Monday, December 23, 2019

Top 10 Albums of 2019

I wasn't consumed by feelings of grief and misery in 2019, although it might seem that way while scanning over this list of albums.  The past year was not a healthy one for me and many people close to me, but while it was going on, it didn't feel like more bad things were happening than in most other years.  In some years time, I may look back on 2019 and eventually grasp how tough things were.  In that case, these ten albums may reflect my general state of mind more than I'm currently able to admit.

Sure, plenty of people are writing about how the year's best music should reflect the chaotic, allegedly historic times we live in.  In some circles it's automatically assumed that music should be viewed through the lens of the politics of the day.  I think that this generation of fans and critics have subconsciously longed for music to have the cultural cache it did in the 60's, when artists working in several musical genres would unite around the Vietnam War and other world-changing problems.  I have never cared about any of that.  I want my music to reflect my tastes, and whether it deals with "important" subjects is irrelevant.  I don't think I'm a miserable person, although this list might make you think otherwise.  No matter the interpretation (and again, perhaps only years of hindsight will lead me to the truth), this list is a reflection of me, and has nothing to do with current events -- in any country.  

This list is really a party of one, because for most of the year, nothing came close to hitting me in my gut like my #1 album did.

10.  PTU, Am I Who I Am, Trip



Bonkers techno that never feels obliged to play by the most basic of "rules" of the genre -- super short tracks, almost no intros/breakdowns/outros, constant mid-track mood swings between squelching beats and frizzy beatless electronic weirdness.  


9. Barker, Utility, Ostgut Ton




Am I the only one who hears this as an album that continues the work that Philippe Cam started nearly two decades ago?


8. The National, I Am Easy to Find, 4AD


The National invited a bevy of guest vocalists to record with them, and it was a welcome change, even the results don't rank among their very best work.


7. BIG|BRAVE, A Gaze Among Them, Southern Lord



The album's title might suggest a pleasant ambient metal/shoegaze hybrid.  In fact, the shoegaze-y guitar blizzard is the decorative icing for the main course of brutally sludgy riffs and apocalyptic vocals.  BIG|BRAVE are hammerfist, steamroller rock and aren't quite metal in a weird, intangible way, even though their music carries the intensity and heaviness of metal. 


6. Alcest, Spiritual Instinct, Nuclear Blast



Blackgaze as a concept is a marriage made in heaven between two somewhat restrictive genres that compensate each other's weaknesses.  This is easily Alcest's most intense record and arguably their most consistent despite peaking too soon (about three quarters of the way through). 

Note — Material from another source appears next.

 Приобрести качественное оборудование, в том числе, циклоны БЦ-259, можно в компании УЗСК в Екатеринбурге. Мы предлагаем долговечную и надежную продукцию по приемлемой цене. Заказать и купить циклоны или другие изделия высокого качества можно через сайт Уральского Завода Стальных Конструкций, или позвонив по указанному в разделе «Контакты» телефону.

5.  Amp, Entangled Time, Sound in Silence


The sound of 90's Bristol steadfastly refuses to go away, doesn't it?


4.  William Basinski, On Time Out of Time, Temporary Residence Ltd


Basinski has certainly proven his mettle at being able to memorialize history-making events through serene, loop-based ambient music.  Here he turns his attention to the most challenging and profound physics experiment done in my lifetime.  He not only pays tribute to LIGO's accomplishments by sampling the deep, rumbling pulses of gravity waves, but also beautifies the monotony of staring into the furthermost reaches of space, patiently waiting for something to happen. 


3. Fennesz, Agora, Touch



Fennesz remains one of the few artists whose entire output is a virtual must own for me (inasmuch as I can keep track of everything he's doing).  Yet somehow his albums are always growers.  Much like Autechre, he works in a nearly inimitable style that's instantly identified with him, but still manages to consistently defy convention and surprise even his most hardcore fans. 

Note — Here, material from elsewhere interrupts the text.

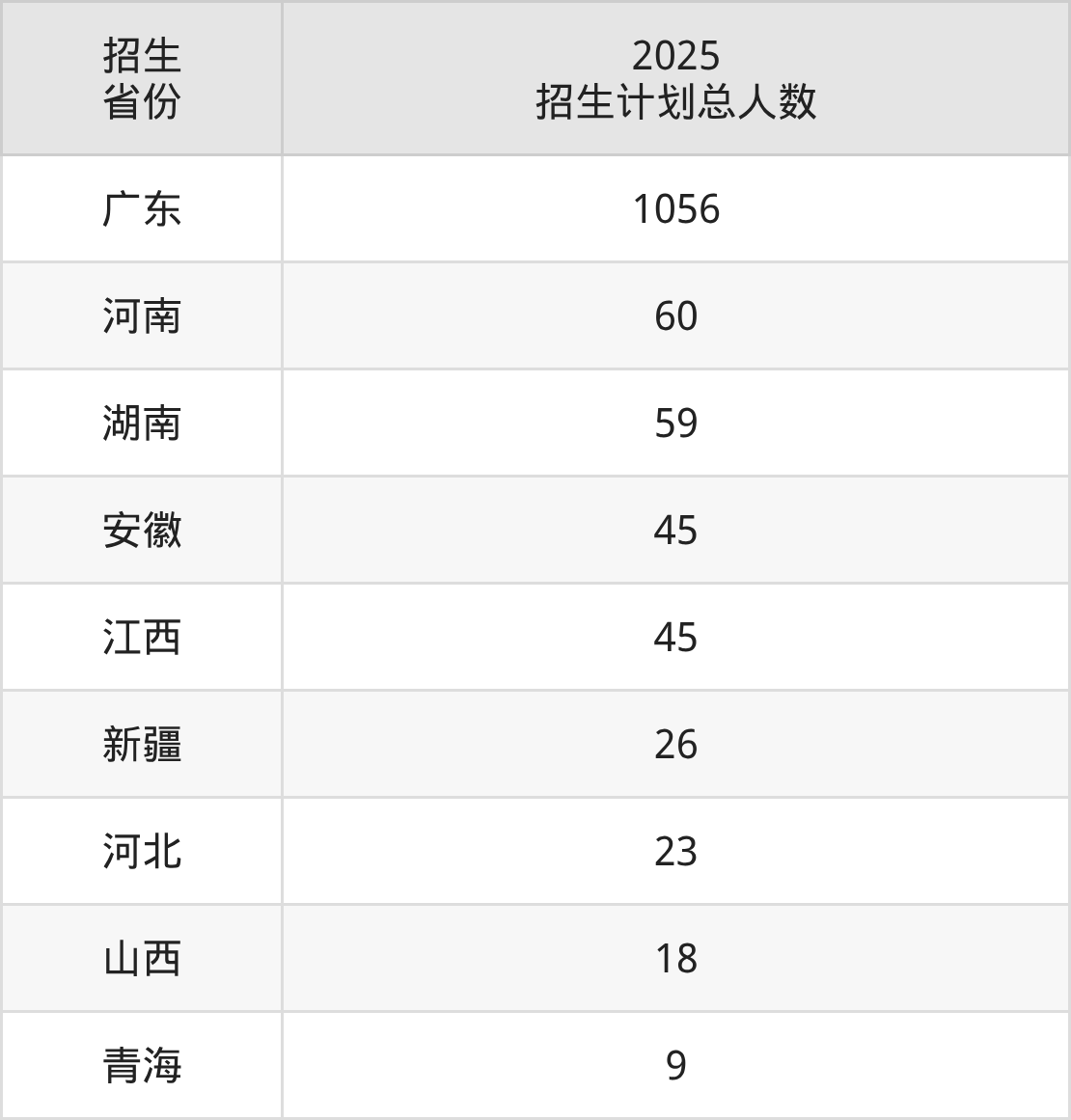2025年惠州城市职业学院面向全国9个省市开展专科招生;招生专业共37个,招生人数共1341人。2025年在广东省招生计划总人数是1056人,其中,惠州城市职业学院在广东省招生人数最多的是机电一体化技术。惠州城市职业学院在各省具体招生人数情况如下表。

2. Nick Cave and the Bad Seeds, Ghosteen, Ghosteen Ltd.



The fairy tale world depicted on the album cover symbolizes Cave's method of dealing with death by seeking out the light.  Instead of wallowing in grief, he searches for hope through Buddhist myths and other parables overflowing with rich imagery.   Every note means something, thanks to the sparse instrumentation and glacial pace of most of the songs. 

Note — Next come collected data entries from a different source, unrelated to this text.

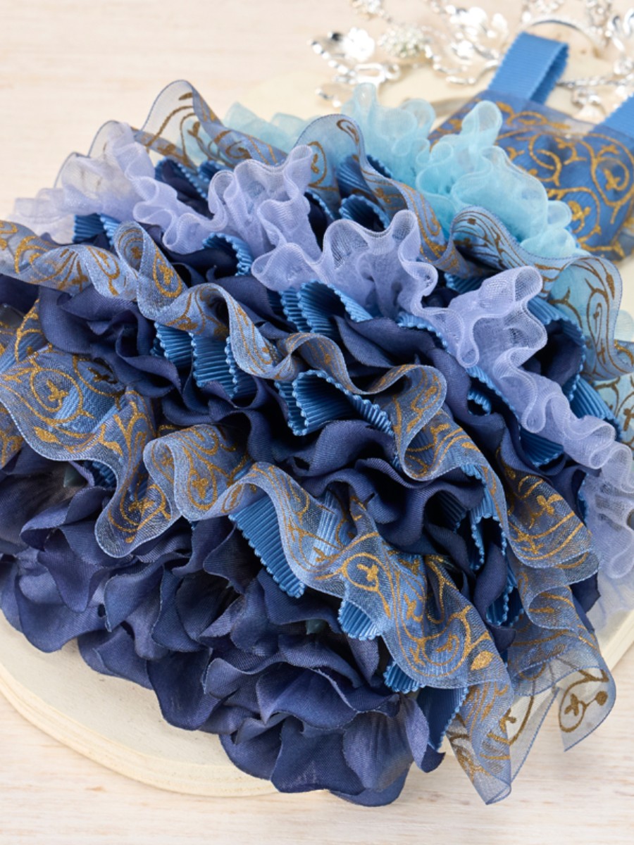 オーガンジーリボンの上部に両面テープを貼り、ギャザーを寄せながら上に重ねるように付けます。
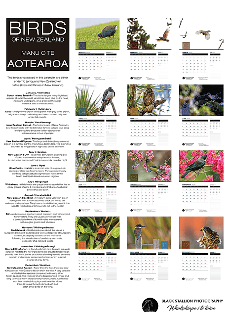 These calendars were produced as a means of raising funds for the work that Wingspan does in the area of Birds of Prey Conservation in New Zealand. All images used are Black Stallion Photography images.
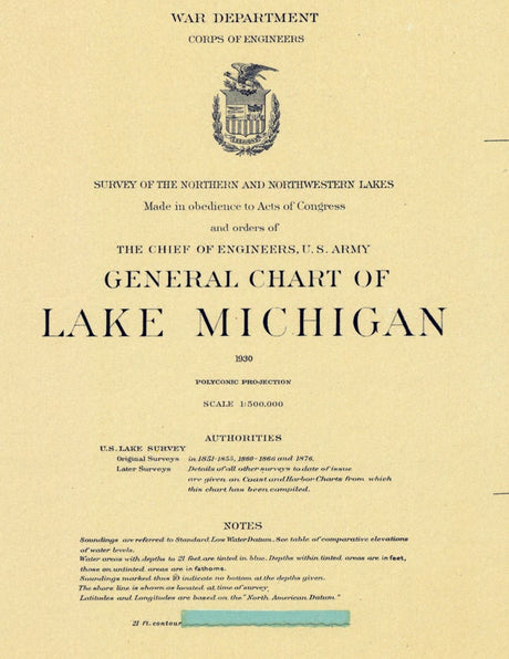 1930 Nautical Map of Lake Michigan
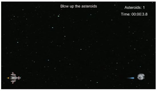 Figure 3 shows the default screen for the asteroids game. In this game, the player controls a character in a spaceship via a camera, in a scenario that represents a battle against asteroids in outer space. These asteroids appear on the screen over time, in predefined positions.
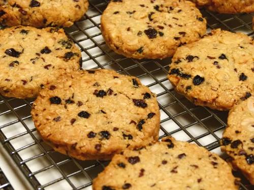 Pete thought I should point out that these are quite a “grown up” treat. They don’t have a lot of added sugar, and the cacao nibs and dark chocolate add a hint of bitterness which little people are unlikely to find appealing. As a muesli fan, Pete likes these a lot, and he finds them very satisfying without being overly heavy. If you’re a fan of a less sweet (but not necessarily savoury) cookie, then you might like these too!
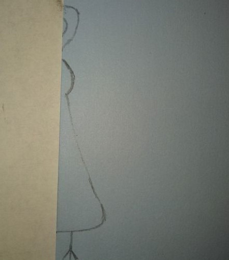 首先准备一张纸板,中间对折,在折处画出孔雀的头和身体。
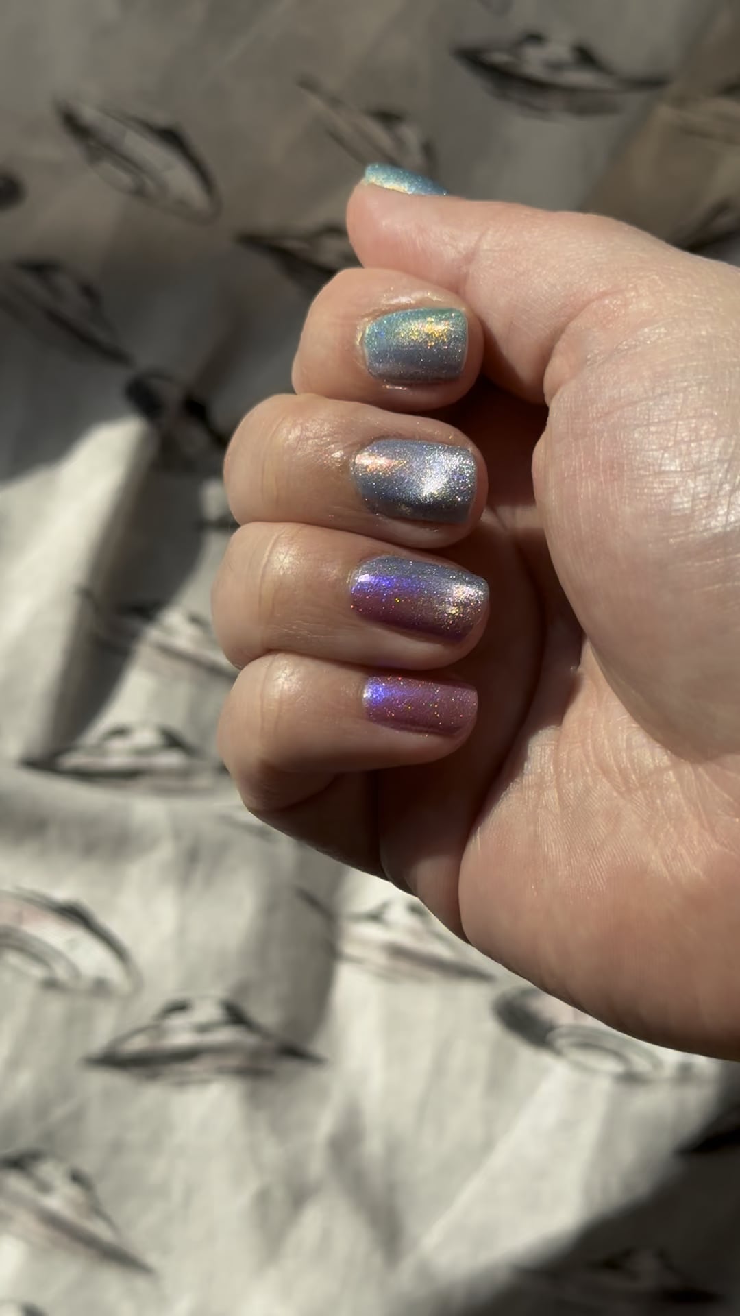 Index and ring fingers are vertical split with their neighbors, all magnetized with the 5D spinner. No topcoat yet.

1. King Midas Sound, Solitude, Cosmo Rhythmatic



"Solitude" is an almost unbearably personal glimpse into one man's loneliness.  Unable to deal with the reality of a difficult breakup, he pores over pointless minutiae of their relationship all while borderline stalking his ex, walking on a knife edge between obsession and madness.  The bleak, haunting music is relentless, the mood never lightens, nothing is resolved.  But in some sense, the album is a reminder that these unhealthy fixations are still a form of surviving, and are better than the alternative.